Throughput = 1/latency = 10,000 requests/second
Utilization = 50,000/1,000,000 = 5%

Improving Metrics

Batching

Key Idea: Increase the buffer size and read more bytes at once.

for(;;){
  char buf [840];
  read 840 bytes
  for(i=0; i < 21; i++)
   compute(buf + i * 40);
}

Latency:
Action Send Command to SSD SSD Latency Read Latency Computation (Useful Work for Utilization)
Time (in μs) 5 50 840 105

= 1000 μs for each iteration
Throughput = 21 requests/μs = 21000 requests/second
Utilization = 105/1000 = 10.5%
This will have a higher throughput and utilization because we are reading more data from the SSD during each iteration. The latency will be higher for each read from the SSD since we are reading more data, but we are able to compute more data without having the send a command to the SSD and wait for the SSD latency.

Interrupt

Key Idea: If we can't read from the disk right away, tell the kernel to wake us up when the disk is ready.

for(;;){
  block until there's an interrupt;
  do
   handle interrupt;
  while(!ready);
}

Latency:
Action Send Command to SSD Block Latency Handle Interrupt Check if Ready Read Latency Computation (Useful Work for Utilization)
Time (in μs) 5 50 5 1 40 5

= 106 μs for each iteration
Throughput = 1/56 μs = 17857 req/s //block + handle + check
Utilization = 5/56 = 0.0893 = 8.9%
There is a slightly higher latency than busy wait and polling, but the throughput and utilization are also slightly higher. This only needs to factor in the block latency, handling the interrupt, and ready check since they are done in parallel with the other parts.

DMA - Direct Memory Access (+ Interrupts)

Key Idea: Give the command to the disk controller, and wait until the disk is ready; we can do other useful work in the meantime.

while(1){
  write command to disk;
  block until interrupt;
  check disk is ready;
  compute;
}

Latency:
Action Block Latency Handle Interrupt Check if Ready Computation (Useful Work for Utilization)
Time (in μs) 50 5 1 5

= 61 μs for each iteration
Throughput = 1/11 μs = 91000 requests/second //handle + check + compute
Utilization = 5/11 μs = 45%
This has the highest throughput and utilization, along with a fairly low latency.
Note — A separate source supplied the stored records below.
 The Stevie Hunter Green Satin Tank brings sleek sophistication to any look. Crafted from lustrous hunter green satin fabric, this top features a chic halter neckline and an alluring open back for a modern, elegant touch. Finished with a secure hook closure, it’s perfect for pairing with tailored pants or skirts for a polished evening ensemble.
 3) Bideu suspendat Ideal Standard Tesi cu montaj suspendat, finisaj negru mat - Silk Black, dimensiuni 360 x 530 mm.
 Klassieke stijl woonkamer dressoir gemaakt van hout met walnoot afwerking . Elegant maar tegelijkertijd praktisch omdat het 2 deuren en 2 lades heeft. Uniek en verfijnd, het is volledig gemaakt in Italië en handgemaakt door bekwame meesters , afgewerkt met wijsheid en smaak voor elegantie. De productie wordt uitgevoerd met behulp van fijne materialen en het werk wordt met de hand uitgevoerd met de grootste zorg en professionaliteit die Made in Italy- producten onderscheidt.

In DMA (direct memory access), the CPS operates in parallel to the IO, so handle, check, and compute are done in parallel to the CPU work.
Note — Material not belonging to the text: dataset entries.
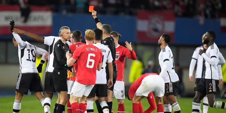 Sulmuesi i “Die Mannschaft” u përjashtua nga sfida në minutën e 49-të, pasi kapi dhe shtyu me të dyja duart në fytyrë, mbrojtësin e majtë të Austrisë, Phillipp Mwene.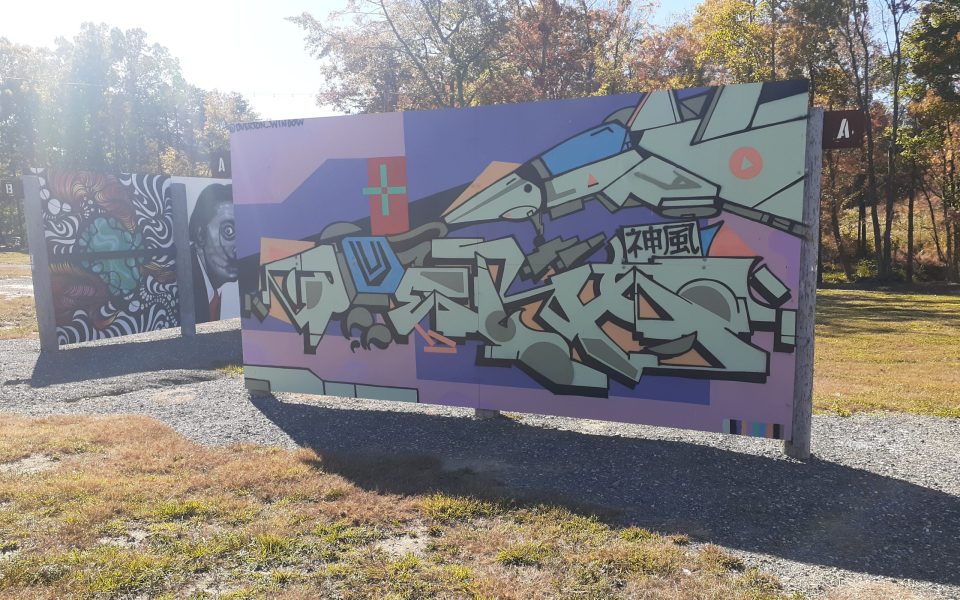 The Kotis Street Art Outdoor Gallery grows amid a twisting gravel path, on the cleared-off half of a lot by the roller rink, a couple affordable-housing complexes and a Kotis strip mall that looks like it was made from bathroom tile in 1987.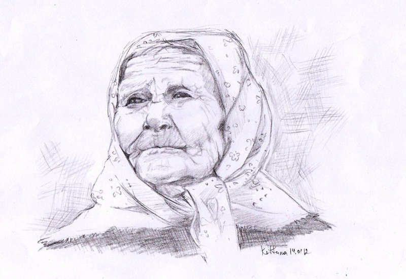 ![Бабка рисунок карандашом]()
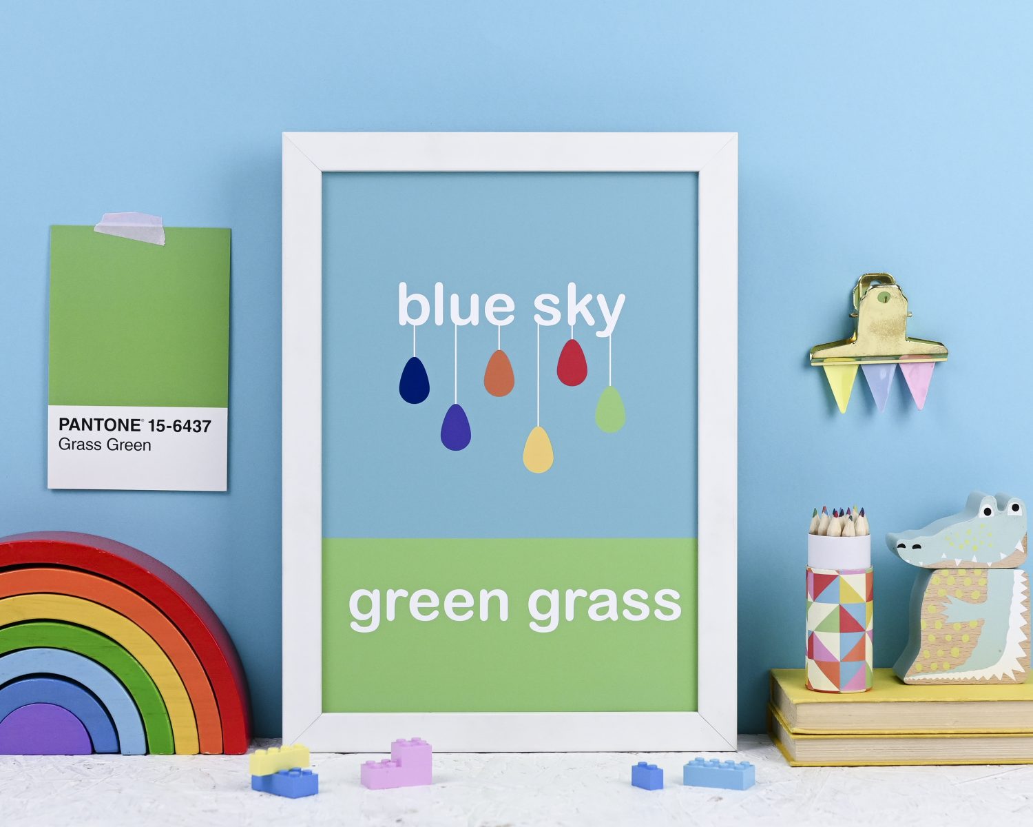 A fun and colourful print that looks super cute in a nursery, kids bedroom or playroom. Great as a gift for new parents!

Key Idea: Instead of wasting time checking / handling an interrupt, just let the kernel wake us up when the data is ready.

while(DMA slots not ready){
  schedule();
compute;
}

Latency:
Action Schedule Check Disk Computation (Useful Work for Utilization)
Time (in μs) 50 1 5

= 56 μs for each iteration
Throughput = 1/6 μs = 166,667 requests/second
Utilization = 5/6 = 0.8333 = 84%
This has the largest throughput and utilization, with a fairly low latency. We don't include schedule time in the calculation because scheduling does not play a role in computing the data.